Semula Justin pikir, Alana hanyalah gadis bodoh yang tergila-gila padanya dan begitu mendambakan dirinya karena pesona wajah serta kekayaan yang dia miliki.
Justin tak mengira, Alana bukan perempuan berpikiran dangkal seperti yang ia duga selama ini.
Sejujurnya ia tak terlalu mengenal tunangannya Alana. Ia hanya beberapa kali bertemu. Berkencan dan ia menyukai tubuhnya yang menggairahkan.
Berulang kali Alana mengajaknya ke bercinta, tapi Justin selalu menolaknya.
Ada ratusan, tidak, ribuan alasan mengapa ia tidak mempercayai Alana. Justin tak mau ambil risiko jika Alana hanya menjebaknya.
Hingga ia mengetahui perselingkuhan Alana dengan sepupu sekaligus musuh terbesarnya, Daniel.
Entah sengaja atau memang sudah menjadi takdir Justin yang memergoki mereka di kamar hotel.
Justin yang marah, mengendarai mobilnya dalam kecepatan tinggi.
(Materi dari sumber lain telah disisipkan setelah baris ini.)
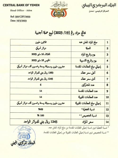 ووصل إجمالي مبلغ العطاءات إلى 20.75 مليون دولار وأعلى سعر عطاء عند 1263 وأدنى عطاء بـ 1245 ريالا بإجمالي 14 عطاء.
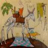 Der Künstler verwendete Pastell, Acryl, Collage auf Leinenkarton, um dieses Kleine Gemälde zum Thema "Tiere" anzufertigen.
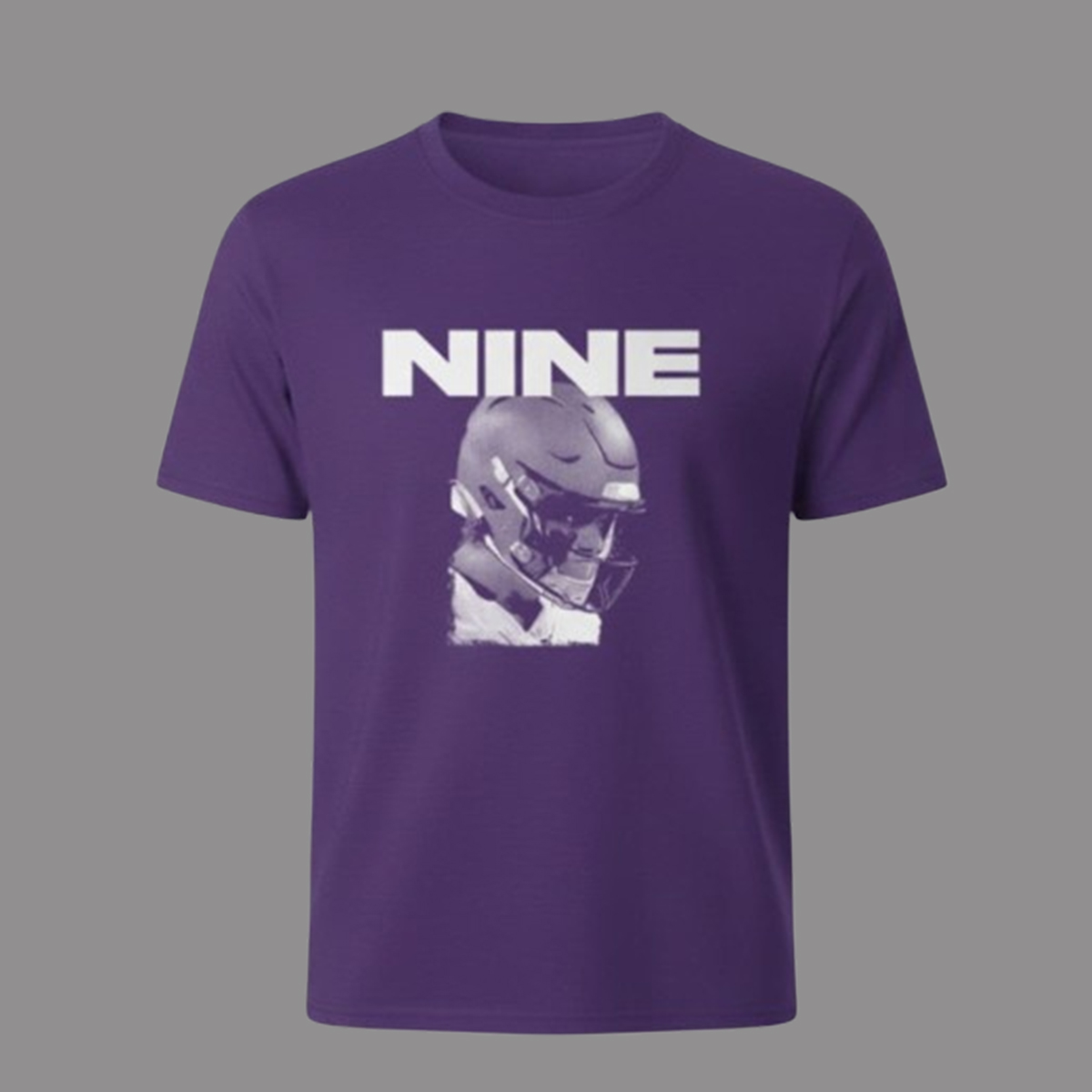 This shirt features a deep purple base that immediately stands out while maintaining a refined, wearable tone. Centered on the chest is a sharp, grayscale portrait-style graphic of a helmeted quarterback in profile, paired with the bold word “NINE” above it. The typography is clean and commanding, allowing the number to carry weight without unnecessary distractions.
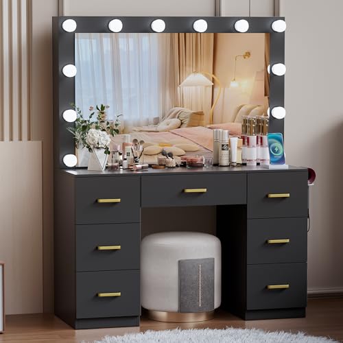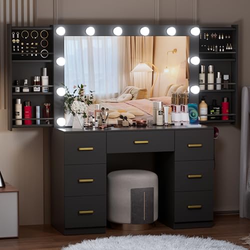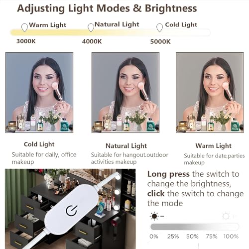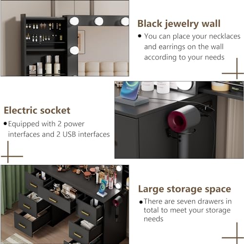 Black Makeup Vanity Desk with Lighted Mirror & Power Outlet,3 Color Modes, Brightness Adjustable,Vanity Table with Drawer,Sliding 2 Storage Wall-Mounted Jewelry,4 Shelves for Bedroom

Sehingga ia tak menyadari kalau rem mobilnya tak berfungsi.
Kecelakaan itu merenggut cahaya dari dunianya. Dokter yang mengoperasi matanya mengatakan Justin akan mengalami kebutaan permanen akibat robeknya kornea mata miliknya.
Belum lagi tulang kakinya yang retak akibat hantaman keras. Ia pun harus kehilangan kemampuannya berjalan di atas kedua kakinya.
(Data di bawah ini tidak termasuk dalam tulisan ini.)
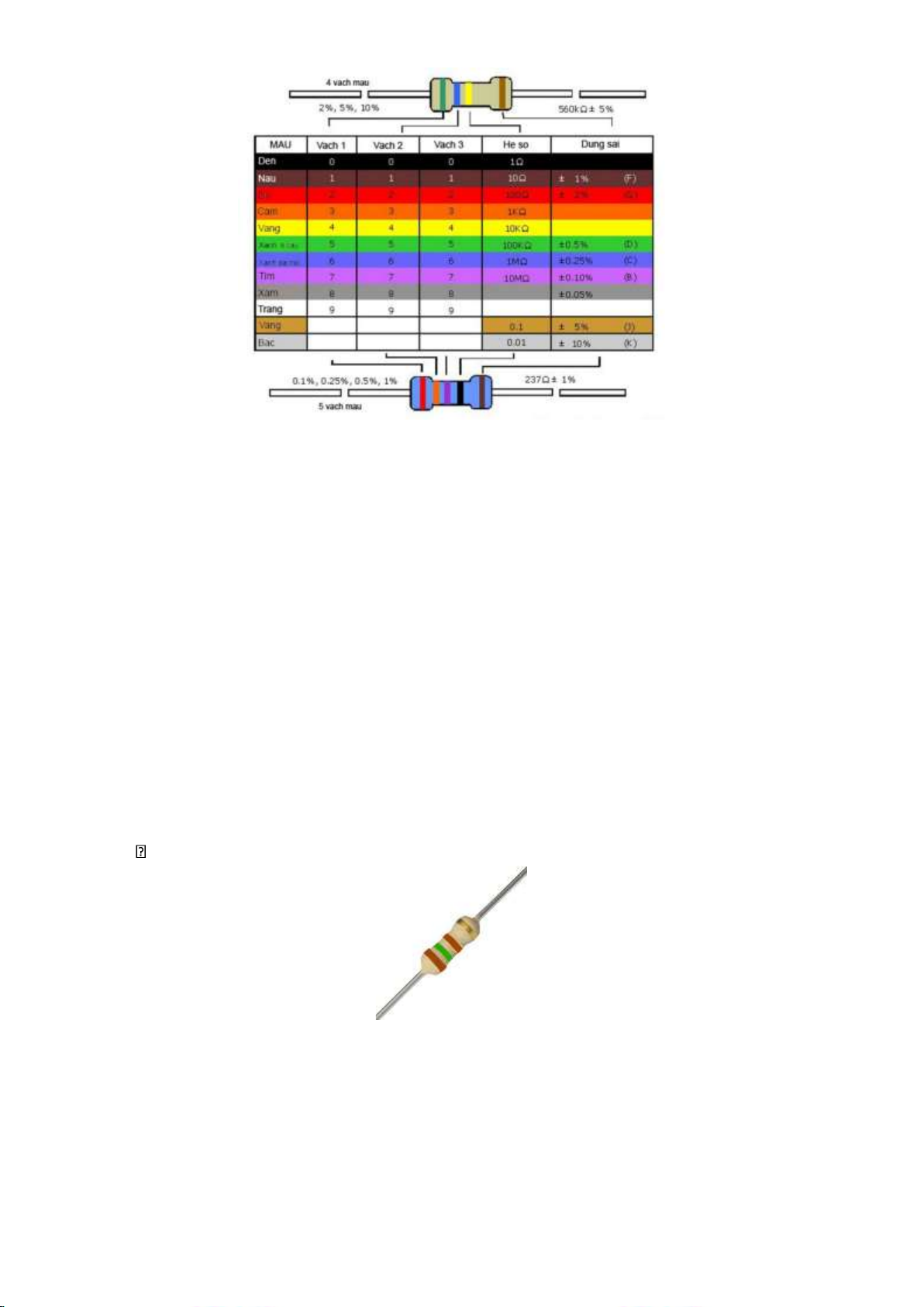 Khi Base không có điện áp đủ lớn, transistor không dẫn điện, giống như một công tắc mở. 3 lOMoAR cPSD| 58833082 2. Điện trở:
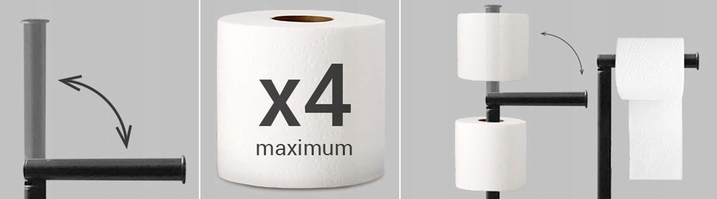 - W zestawie: uchwyt na papier toaletowy, miejsce na zapas papieru (max. 4 rolki), podstawa z antypoślizgowymi stopkami, elementy montażowe
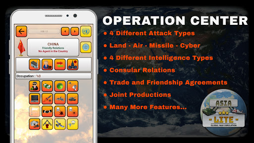 ● 원하는 모든 국가를 공격하고 세계를 정복하십시오. ● 토지 운영으로 국가를 점령하십시오. ● 공기 및 미사일 공격을 실시하십시오. ● 다른 나라에서 사이버 공격을하십시오. ● 무역 및 평화 상품을 만드십시오.

Sekarang dia menjadi makhluk yang tidak berguna. Meski begitu sikapnya yang arogan justru memperburuk situasinya.
Sekarang tidak ada seorang perawat pun yang berani merawatnya kecuali ada perlawanan dari Justin yang membuatnya seketika berhenti bekerja.
“Lalu apa rencanamu datang ke sini Tunanganku Sayang?” Justin sengaha menggoda perempuan itu.
Meski cahaya di matanya meredup, Justin bisa melihat keadaan sekeliling, termasuk di mana posisi tunangannya saat ini.
Ia meraih tubuh Selena yang terkesiap dengan serangan Justin yang mendadak. Selena terbaring di atas ranjang dalam pelukan Justin.
Sekali lagi ia merasakan debaran itu. Daging merah di dadanya seakan berhenti memompa darah ke seluruh tubuh.
Aroma napas lelaki ini seperti obat bius yang membuat akal sehatnya terbang melayang tinggi.
Di sisi lain, Justin merindukan ciuman perempuan yang memabukkannya kemarin. Meski terasa asing, tapi cumbuan Selena yang kaku seperti candu baginya.
“Justin, apa yang kau lakukan?” Selena mulai panik saat lelaki itu secara liar menunjukkan hasratnya.
‘Ya Tuhan!’ Selena memekik ketakutan karena ia pun turut dalam pusaran gairah yang menyelimutinya tanpa permisi.
Jangan katakan jika tubuhnya pun merespon ciuman Justin yang terasa nikmat dan memabukkan.
Di balik topeng yang ia kenakan, Selena tetaplah Selena. Ia takut jika hatinya ikut dipertaruhkan karena pesona lelaki ini sulit dienyahkan.